Eleven of the mitochondrial proteins/polypeptides fell into group A, in which the intensity of the protein band increased to a maximum at 20 mm from the basal meristem and then declined progressively toward the leaf tip (Fig. 2). These proteins were: the E1 beta -subunit of PDC, ORF156, ORF577, alternative oxidase, RPS12, Cyt oxidase subunits II and III, malic enzyme, and the alpha - and beta -subunits of ATPase.

The proteins/polypeptides with a group B developmental profile were: the E1 alpha -subunit of PDC, IDH, HSP70A, cpn60C, and cpn60B (Fig. 3). These increased in labeling intensity to a broad maximum between 50 and 60 mm from the leaf base, where cells were between 35 and 45 h old.

The third category of proteins, group C, showed an initial increase in labeling intensity to reach a "plateau" between 20 and 50 mm from the leaf base, as was the case for proteins of group A. However, in contrast to group A, there was a further increase in the region from 50 mm, where cells were 35 h old, up to the leaf tip (Fig. 4).

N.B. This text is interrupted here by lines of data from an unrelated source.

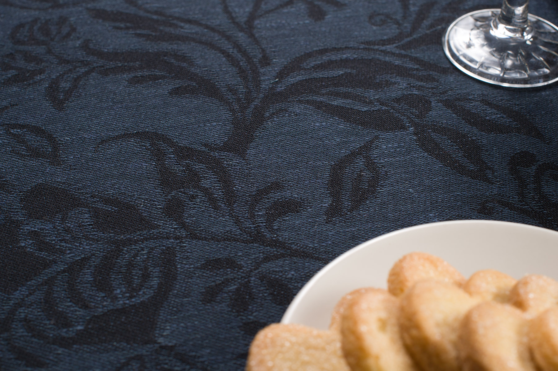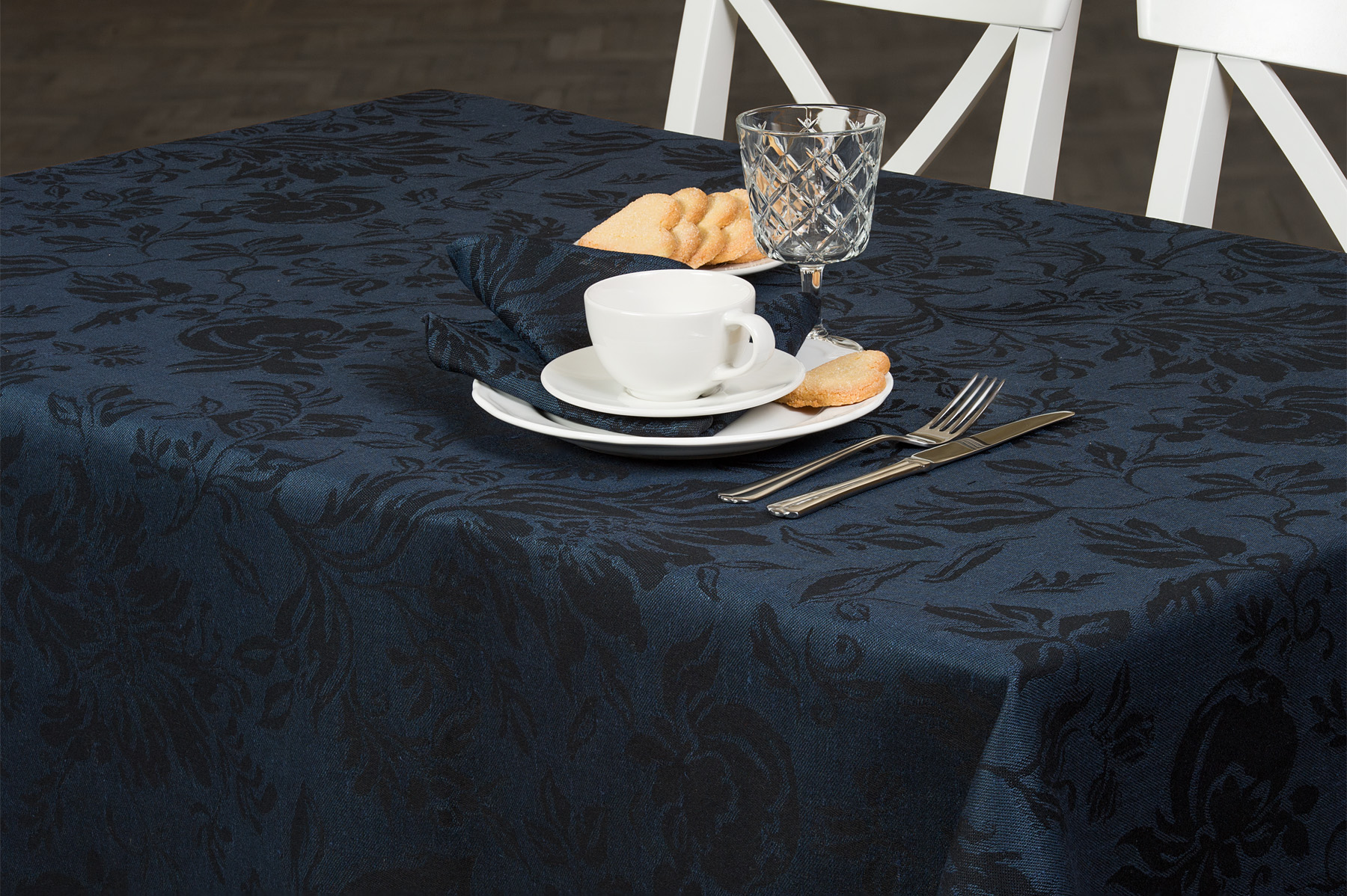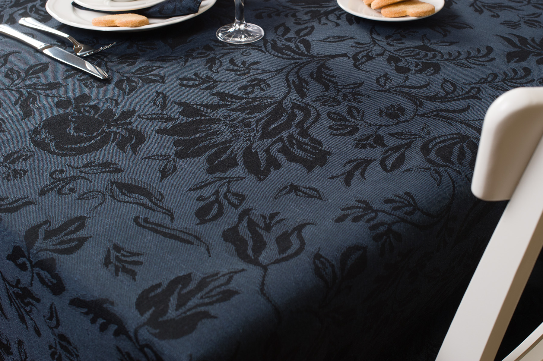 Obrus z żakardowej tkaniny lniano - bawełnianej wytkanej z przędzy granatowej i czarnej w przepiękne, barokowe kwiaty. Wykwintny obrus stanie się niewątpliwą ozdobą eleganckiego, świątecznego wnętrza. Do kompletu polecamy serwetki stołowe z identycznej tkaniny.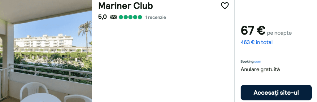 CAZARE 3: Mariner Club, Preț cameră dublă 463€, Preț persoană 232€, 18-25 Mai 2025 (7 nopți)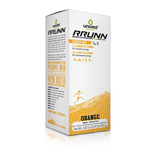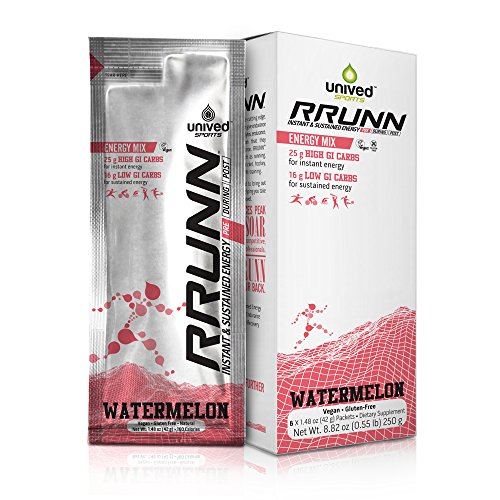 -. Title : Unived RRUNN Pre Energy Sports Drink Mix, Instant & Sustained Energy, Watermelon Flavor, Box of 6 Packets (0.55lbs, 252g)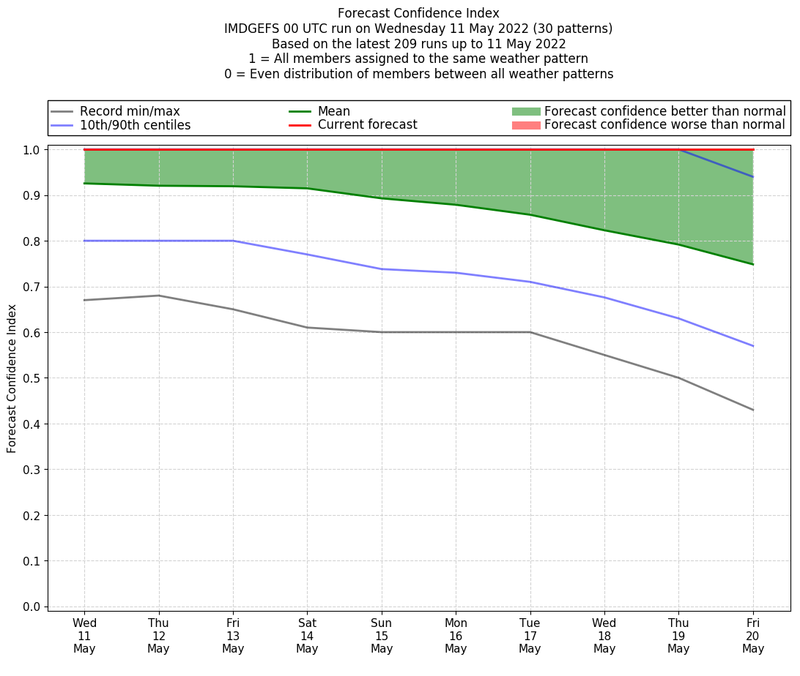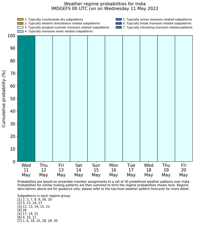 | Weather patterns typically associated with pre-monsoon tendencies over India are most likely Weather patterns 12, 13, 14, 15 and 22 (pre-monsoon) | |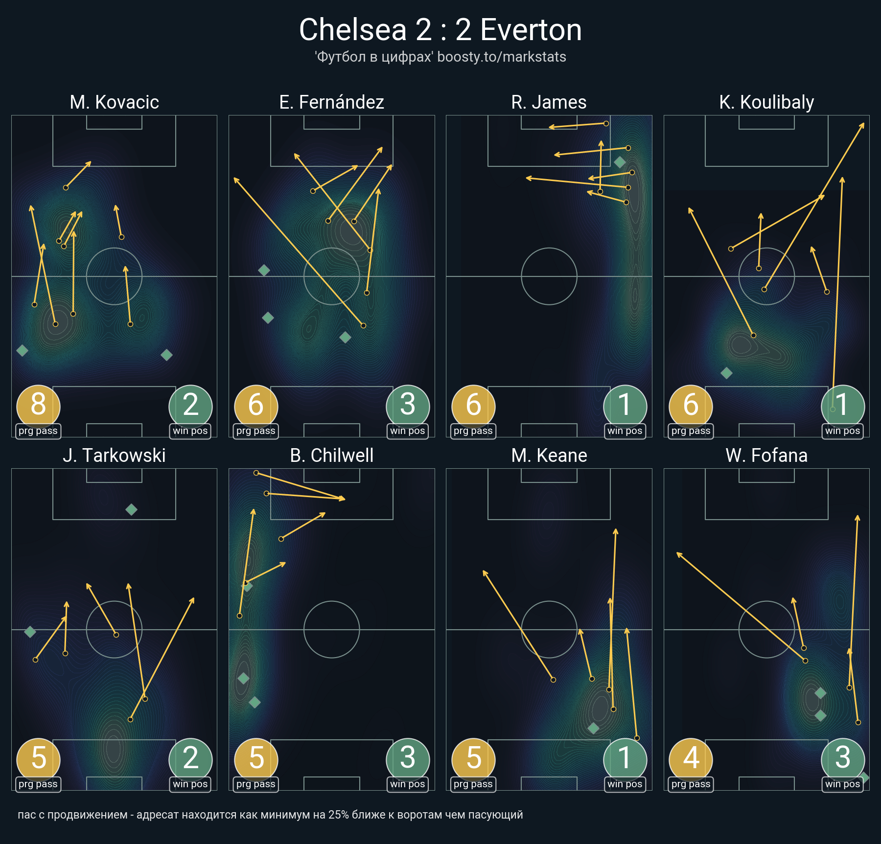 61 успешных передач из 82 попыток (1 ассист, 4 под удар, 5 с продвижением, 21 на трети соперника)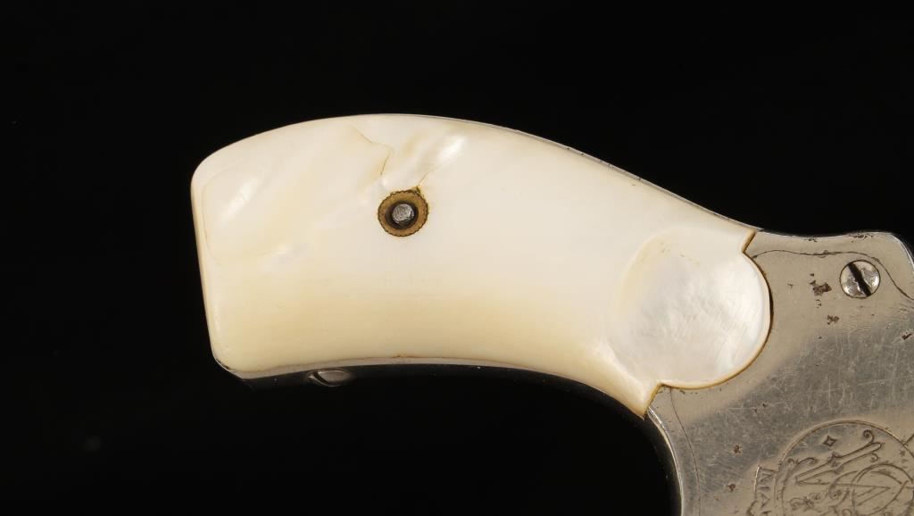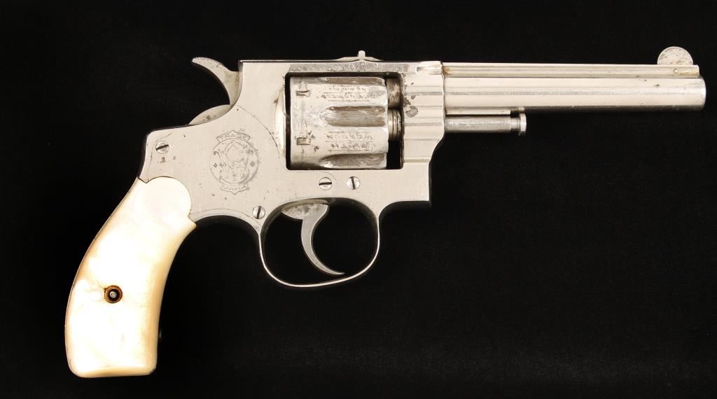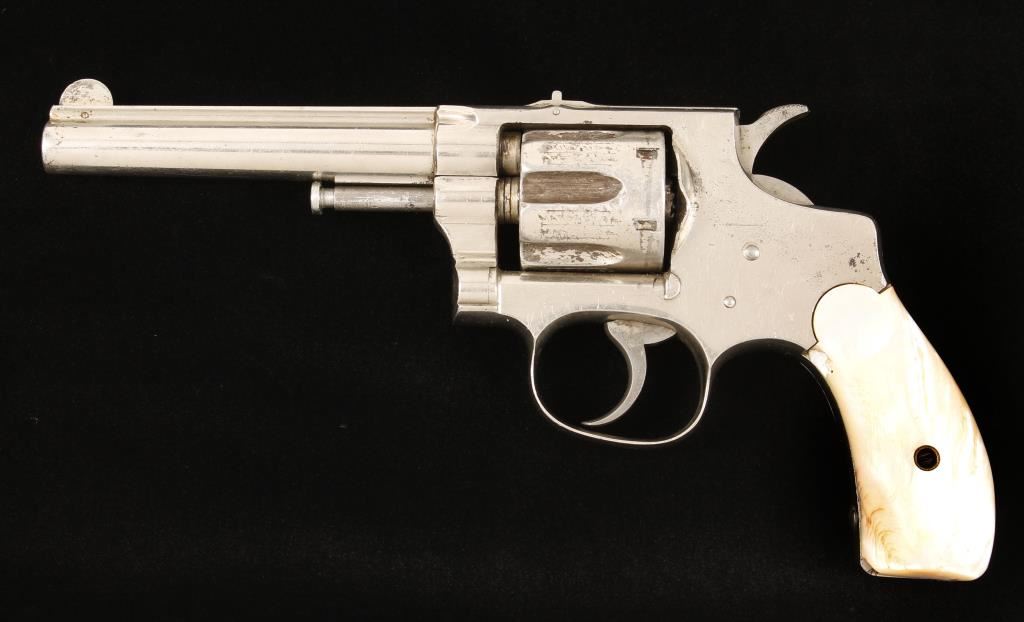 1st Model. Nickel plated double-action 6-shot revolver with a 4-1/4" barrel. Finish is scratched and dinged with missing flakes and areas of rust perforations in the plating. Roll-stamping on the cylinder is legible but it has many dings. Color case hardening has faded from the hammer and the trigger. Mother-of-pearl grips have a large flake and 2 small chips missing. Function is good. Bore is shiny with rifling and some pitting. Chambers are good. Condition is fair.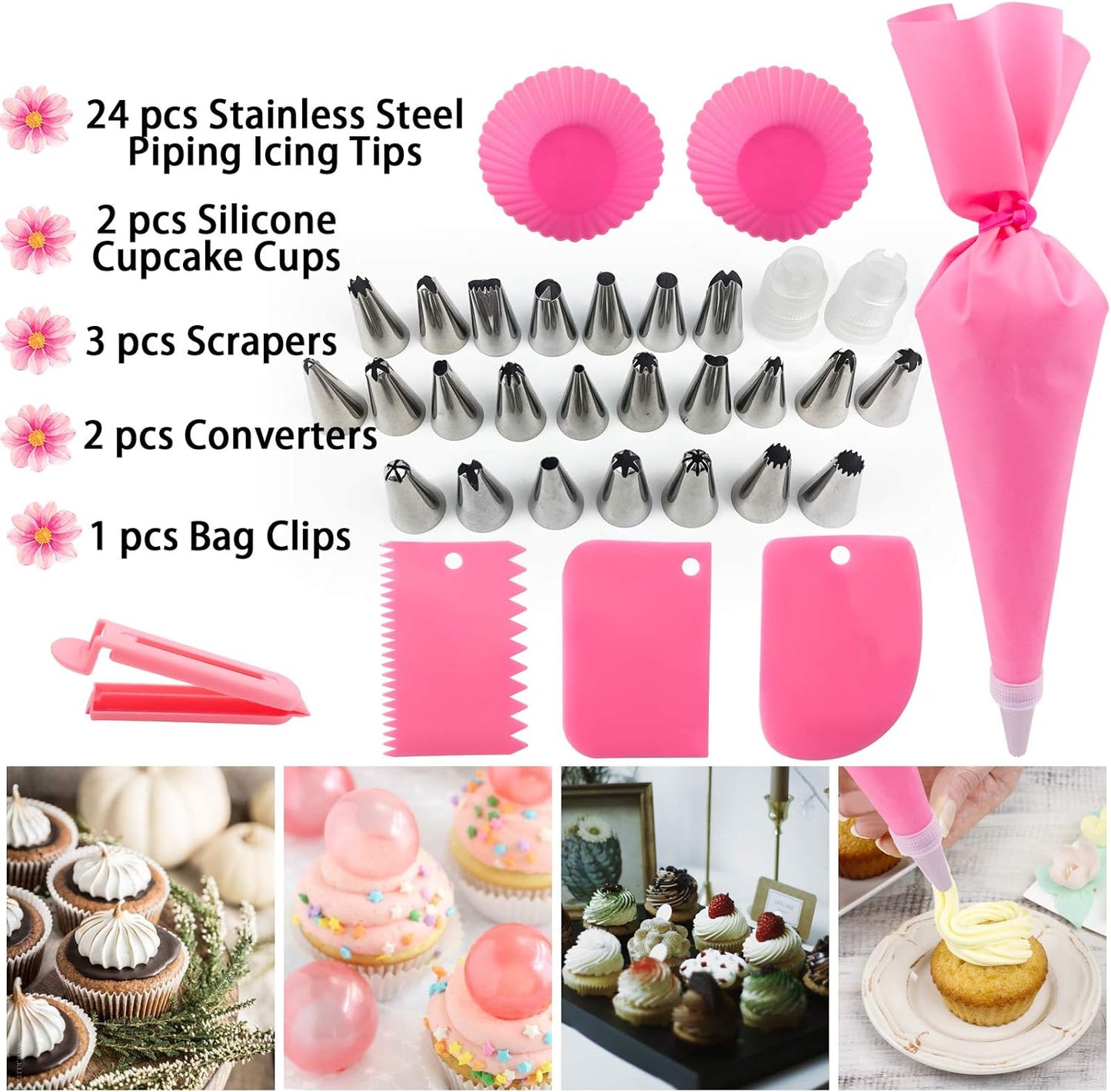 36Pcs Pink Piping Bags & Tips Set,24 Stainless Steel Nozzle Icing Tips With 2 Reusable Silicone Pastry Bag,Icing Smoother,Silicone Baking Cups,2Couplers Cake Decorating Tools Kit For Baking Decorating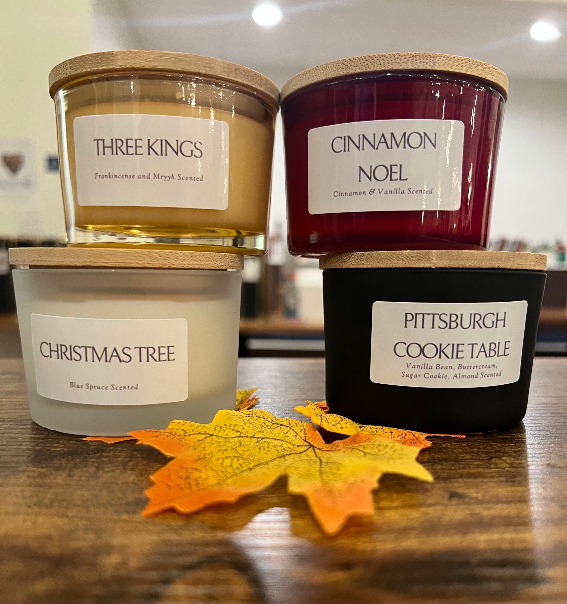 This year we're offering new scents in our lineup. We have: The Pittsburgh Cookie Table, Cinnamon Noel, Three Kings and Christmas Tree.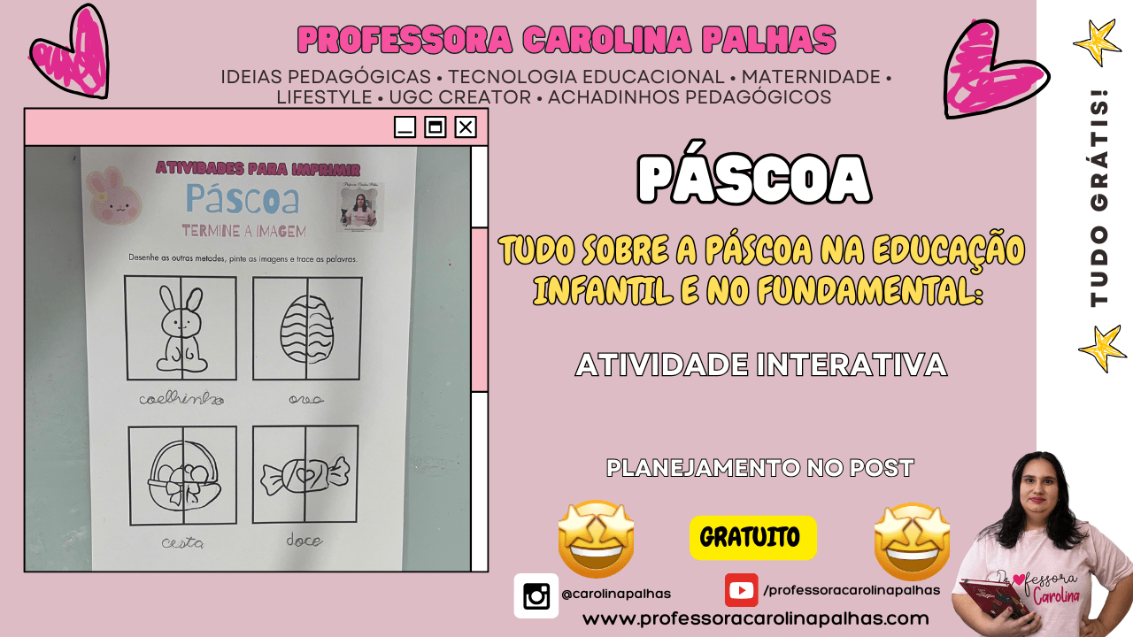 Se você é professora, mãe, coordenadora ou trabalha com crianças da Educação Infantil e dos Anos Iniciais do Ensino Fundamental, prepare-se para viver uma experiência inesquecível com as crianças! O SUPER KIT PEDAGÓGICO DE PÁSCOA foi criado com muito carinho e profissionalismo pela Professora Carolina Palhas, reunindo materiais pedagógicos lúdicos, criativos e 100% alinhados à BNCC.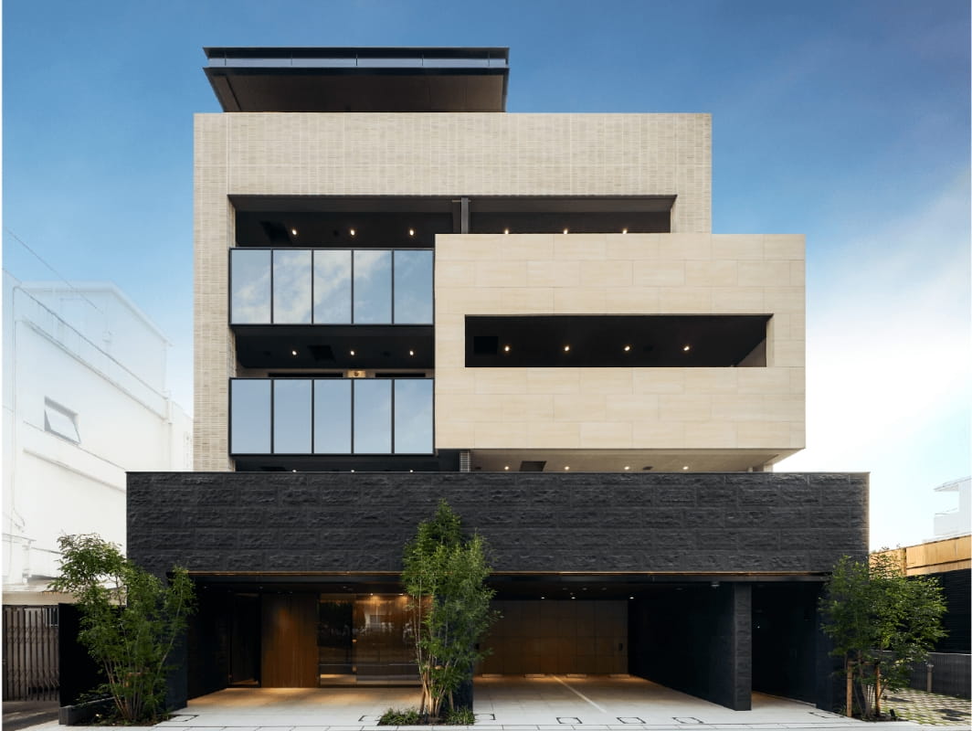 現代のプレイリースタイル。深い軒がもたらす陰影と、水平・垂直を強調したフォルム。自然と調和する邸宅建築の思想を現代的に解釈したデザインが、端正な佇まいを描く。外観には石調のタイルを採用し、ルーバーや軒天、ガラス、手摺などの異素材を組み合わせることで、強さと繊細さが共存するファサードを構築した。

Proteins in this group were the four subunits of GDC (P, H, T, and L proteins), fumarase, and FDH. This pattern of development was also found when the four GDC subunits were analyzed by western blots (data not shown).

    DISCUSSION
Top
Abstract
Introduction
Methods
Results
Discussion
References

Developmental Changes in Leaf Physiology

The barley primary leaves studied here were harvested at a time when their growth rate was at a maximum, which ensured that the age differential between leaf base and tip was also at a maximum. Estimates of mitotic indices (data not shown) indicated that the basal intercalary meristem is located between 0 and 5 mm above the point of attachment of the primary leaf to the seed (i.e. the leaf base). The zone of cell elongation extends to 20 mm from the leaf base, where the number of mesophyll cells per leaf section becomes constant and the interstomatal distance is at its maximum. The former is an indirect estimate of the mesophyll cell length and the latter a direct measurement of epidermal cell length.

The gradient of cell age closely resembled that previously reported for barley primary leaves (Barkardottir et al., 1987). The large increment in cell age within the distal 5 mm of the leaf was attributable to the time taken for this tissue to emerge from the seed after imbibition (Barkardottir et al., 1987).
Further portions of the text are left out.